**WHAT TO PRODUCE:**
No pictures belong in the copy, but every line of the material below must be reproduced exactly.

**SUPPLIED DATA:**
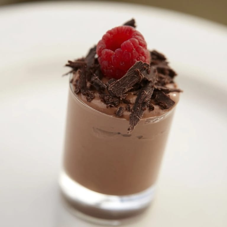 Merken Dieses sündhafte, luftige Schokoladenmousse wird in eleganten kleinen Schnapsgläsern serviert – perfekt für Partys oder als schickes Einzelgericht.
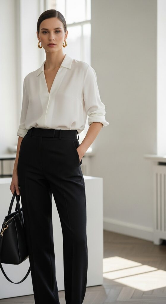 Can we start with a classic? The white blouse and black trousers combo is basically the little black dress of workwear. It’s timeless, it’s clean, and it works every single time. But here’s how you make it look expensive instead of boring: go for a silk or satin blouse with a slightly oversized fit. Tuck it loosely into high-waisted trousers for that European editorial vibe.
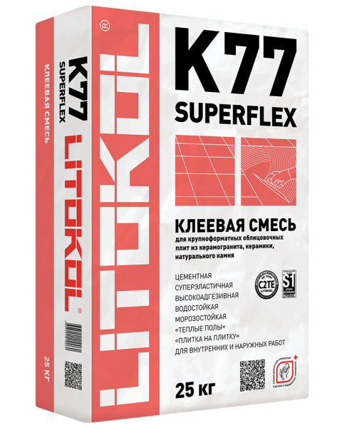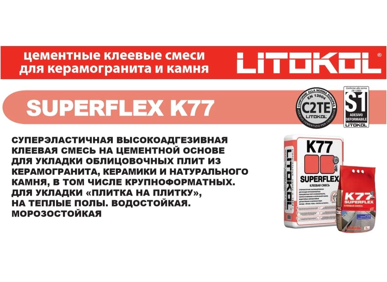 Суперэластичная клеевая смесь LITOKOL SUPERFLEX K77, серый, 25кг (СГ)
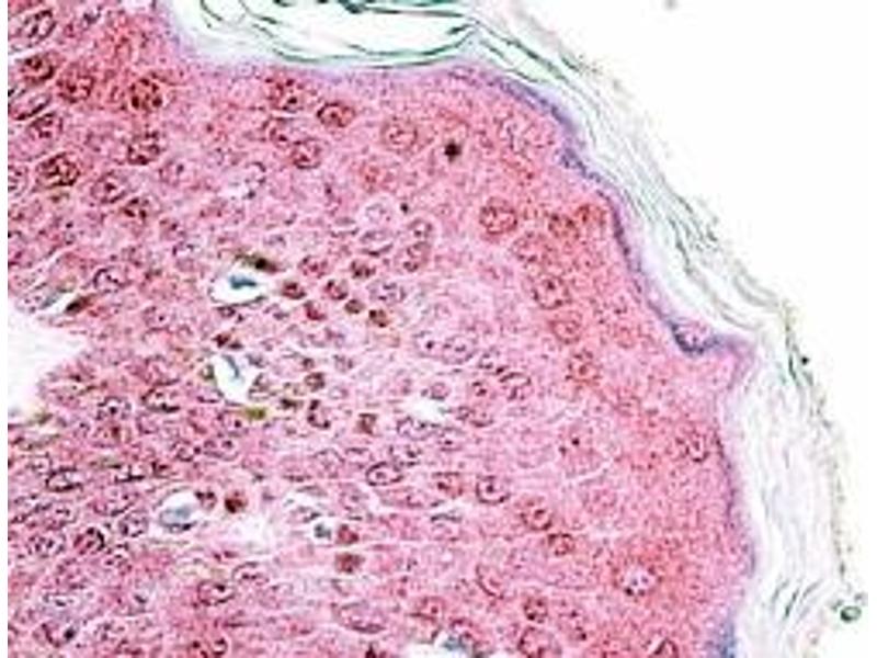 Immunohistochemistry: In paraffin embedded Human Skin shows staining of subnuclear structures and cytoplasm in keratinocytes. Recommended concentration: 3.75 μg/mL.

**SOLUTION FOR THIS TASK:**
 Merken Dieses sündhafte, luftige Schokoladenmousse wird in eleganten kleinen Schnapsgläsern serviert – perfekt für Partys oder als schickes Einzelgericht.
 Can we start with a classic? The white blouse and black trousers combo is basically the little black dress of workwear. It’s timeless, it’s clean, and it works every single time. But here’s how you make it look expensive instead of boring: go for a silk or satin blouse with a slightly oversized fit. Tuck it loosely into high-waisted trousers for that European editorial vibe.
 Суперэластичная клеевая смесь LITOKOL SUPERFLEX K77, серый, 25кг (СГ)
 Immunohistochemistry: In paraffin embedded Human Skin shows staining of subnuclear structures and cytoplasm in keratinocytes. Recommended concentration: 3.75 μg/mL.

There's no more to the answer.